Vyshemirsky escaped relatively unharmed physically, with a cut on her forehead and some glass in her skin. Her photographs were taken by journalists as she was exiting the building and waiting outside for her belongings. 

Those photos quickly created a spiral of backlash, with a pro-Kremlin Telegram channel alleging that the pictures were "staged," according to the BBC. 

Marc Owen Jones, a professor at Hamad Bin Khalifa University in Qatar, posted a graph at the end of March showing how quickly and vastly disinformation about Vyshemirsky spread. He found 1,600 tweets, replies and retweets from 1,300 unique accounts that attempted to discredit her experience at the hospital. 

"They all accuse her of being involved in propaganda," he said. "Some falsely claim she was reportedly killed." 

Two days after the attack and still in the clothes she wore as she fled from the heavily damaged building, Vyshemirsky gave birth to a baby girl, named Veronika, in a different hospital. During this time, she was still unaware of the disinformation storm that was swirling around her.  

The next time she checked her Instagram account, she said it was filled with accusations and threats. 

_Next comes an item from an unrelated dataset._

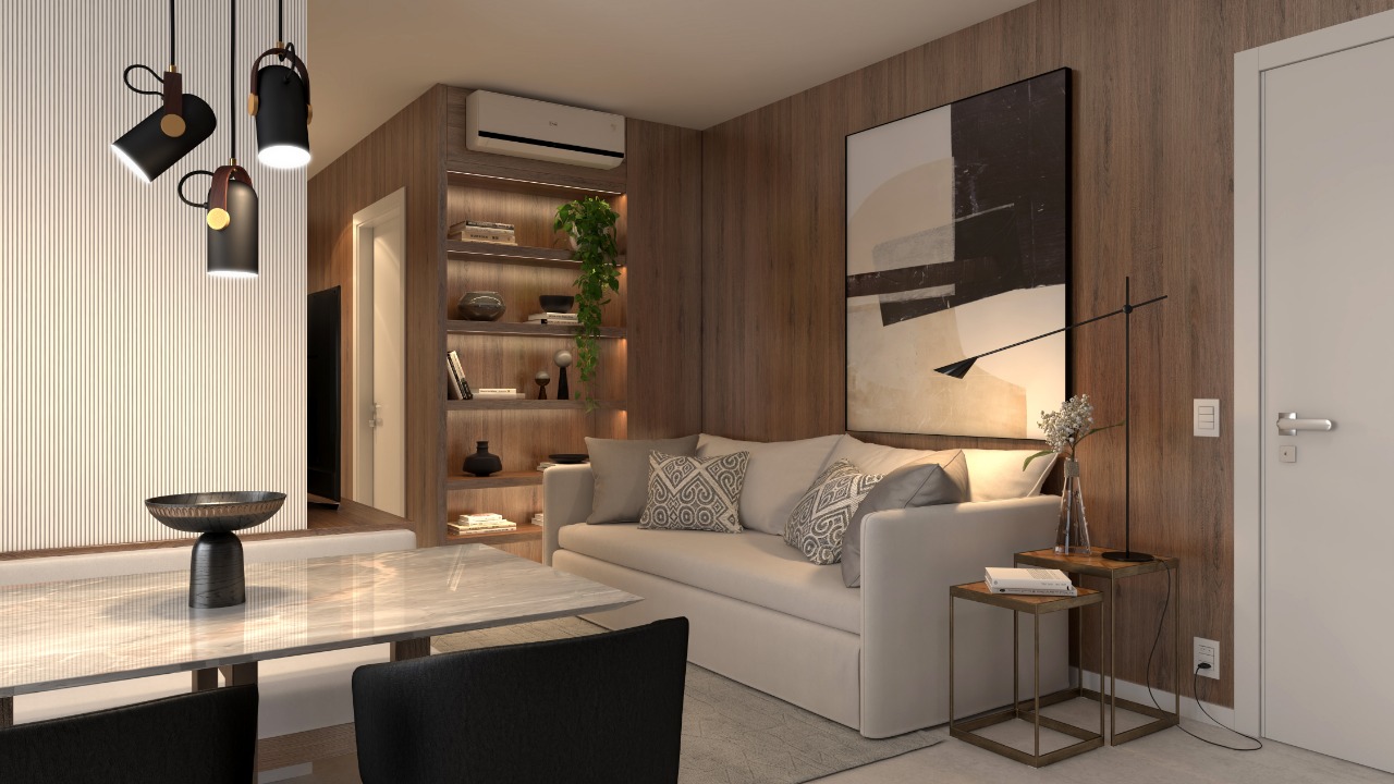 Apartamentos com 3 dormitórios, laje técnica para máquina de ar-condicionado e sacada com churrasqueira. Conta com 01 vaga de garagem.

"It was really offensive to hear that because I actually lived through it all," she said. "...I received threats that they would come and find me, that I would be killed, that my child would be cut into pieces."

But in her interview with BBC, Vyshemirsky did not directly criticize Russian officials. She instead said that she was offended that the journalists who posted her photo did not interview other pregnant women who could confirm the attack happened. According to Vyshemirsky, journalists arrived when the last patients at the hospital, including her, were evacuated. 

On April 10, a month after the birth of her daughter, Vyshemirsky posted a photo of her holding her daughter's hand on Instagram, saying she doesn't hold a grudge against anyone and that there is no room in her soul for insults. 

"I want to teach my daughter the same," she said, according to a translation, "so that her soul remains bright and pure and filled with love and piety." 

"I want to wish everyone on Earth that your children do not know the word 'war,'" she continued, "that your fathers, husbands, sons and brothers always return home, that love reigns in your soul."